Switch to a parametric model in which the PH assumption is not important.

Option 1. In Fig. 6 the variable parentlight appears to have a quadratic relationship with time. Perhaps it also has a quadratic relationship with the hazard. Such a relationship is biologically motivated. One might expect that there would be an intermediate optimal light level for survival rather than a strictly linear relationship.

out4.cox <- coxph(Surv(Age,SdlgCensor)~factor(HabitCode)+ cluster(Parent)+ parentlight + I(parentlight^2), data=seedlings)

cox.zph(out4.cox)

                        rho chisq        p
factor(HabitCode)2 0.08402 39.687 2.98e-10
factor(HabitCode)3 -0.04296 8.228 4.12e-03
parentlight         0.01795 2.540 1.11e-01
I(parentlight^2)   -0.00719 0.414 5.20e-01
GLOBAL                   NA 65.264 2.26e-13

round(summary(out4.cox)$coefficients,5)

                       coef exp(coef) se(coef) robust se        z Pr(>|z|)
factor(HabitCode)2 -0.18184   0.83373 0.07698   0.14069 -1.29254 0.19617
factor(HabitCode)3 -0.78702   0.45520 0.08004   0.13412 -5.86802 0.00000
parentlight        -0.01066   0.98940 0.00536   0.01246 -0.85566 0.39219
I(parentlight^2)    0.00013   1.00013 0.00005   0.00011 1.24653 0.21257

The test for time-varying coefficients is no longer significant for parentlight. On the other hand the quadratic coefficient is not statistically significant when we use robust standard errors, although it is statistically significant at α = .05 if we use the naive standard error.

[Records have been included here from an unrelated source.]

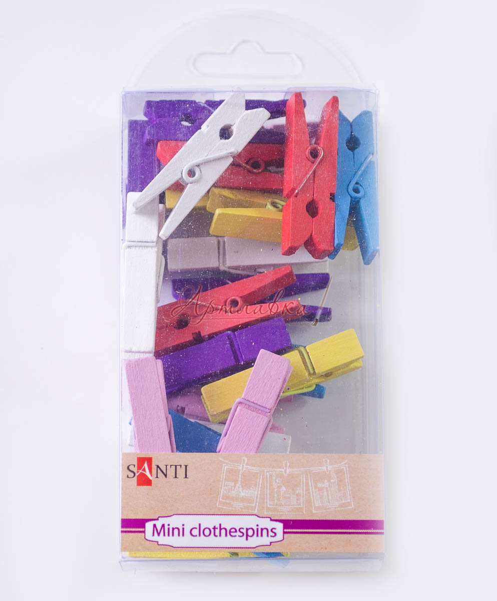 Декоративні дерев'яні прищіпки окаршенние в різні кольори. Підходять для фотосесій, декору, оформлення Дня народження дівчинок і хлопчиків, а також для оформлення оригінальних подарунків. В упакуванні 24 шт.
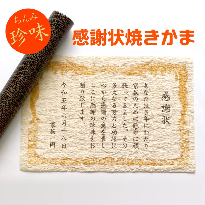 珍味 焼きかまシートで出来た世界初の食べられる感謝状
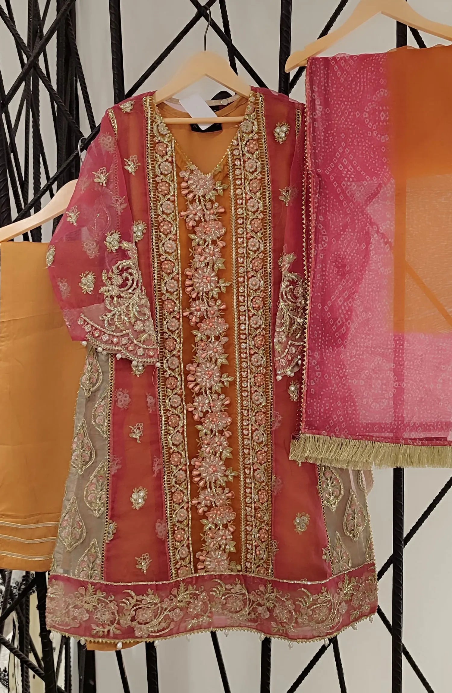 Organza embroidered shirt enhanced with hand crafted adda work
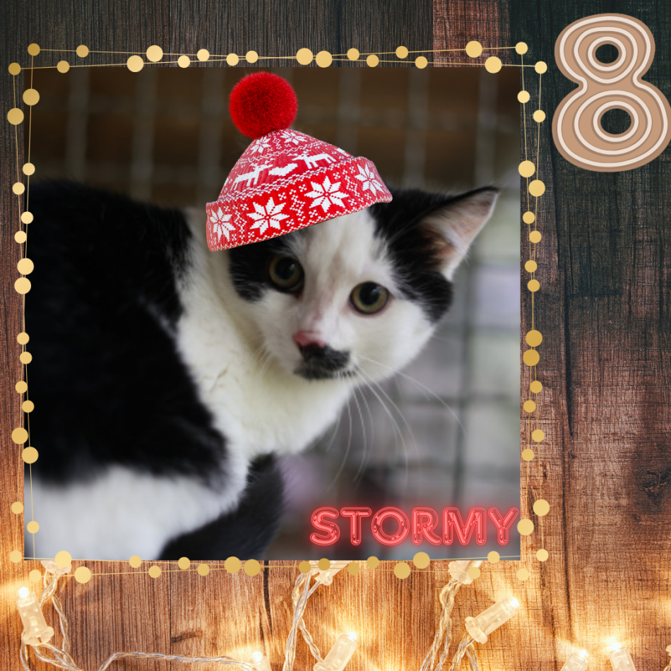 Hinter dem heutigen Türchen versteckt sich Stormy, ein kleiner hübscher Kater, dessen Name zwar ziemlich “stürmisch” klingt – der aber in Wahrheit eher ein riesengroßer kleiner Hasenfuß ist.

Option 2. For categorical variables we have the option of stratifying by levels of the categorical variable. In a Cox model this means assuming different baseline hazards for each level but still using all the data in estimating the remaining regression coefficients. To carry this out with coxph we use the strata function rather than the factor function on the variable HabitCode.

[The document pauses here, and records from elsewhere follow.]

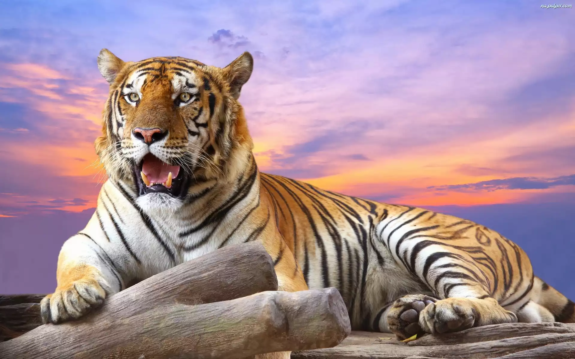 Słońca, Drzewo, Tygrys, Zachód Na Pulpit
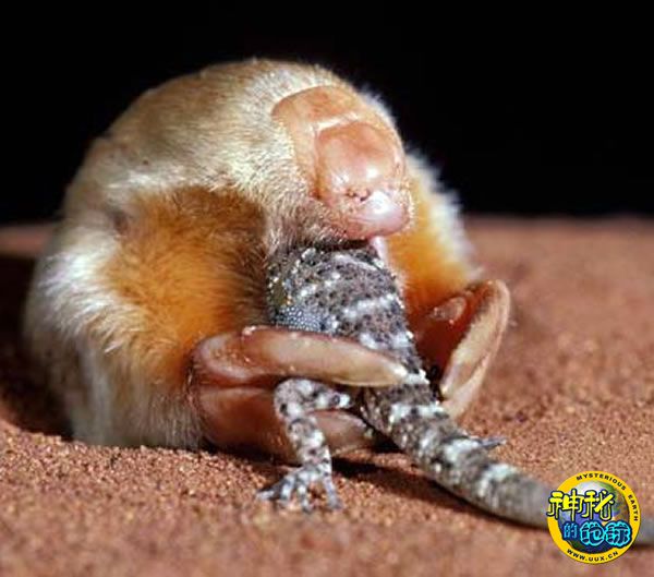 然而,金毛鼹是一种有胎盘的哺乳动物,袋鼹却不是。这两支不同的哺乳动物类群来自1.25亿年前的一个共同祖先。虽然从此金毛鼹和袋鼹分开了,但相近的生活习性使得它们的解剖特征非常相似。
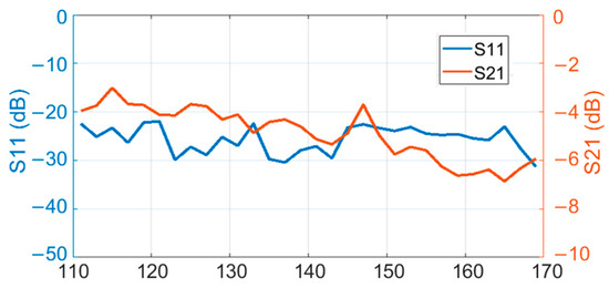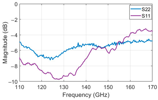 The output of the PD (DC voltage) was measured by a multimeter. The output voltage corresponding to different input power is plotted in Figure 10 for 120 GHz, 130 GHz, 140 GHz, and 150 GHz. As the input power increased from 0 to 1 mW, the output voltage changed 1.1 V, which agreed with the simulation.

out5.cox <- coxph(Surv(Age,SdlgCensor)~strata(HabitCode)+ parentlight + cluster(Parent), data=seedlings)

cox.zph(out5.cox)

rho chisq p
parentlight 0.0455 18.3 1.84e-05

round(summary(out5.cox)$coefficients,5)

coef exp(coef) se(coef) robust se z Pr(>|z|)
parentlight 0.00447 1.00448 0.00096 0.00227 1.97225 0.04858

The down side to this approach is that no estimates are returned for the stratifying variable, hence in this case there is no way to assess statistically whether survivorship differs by habitat.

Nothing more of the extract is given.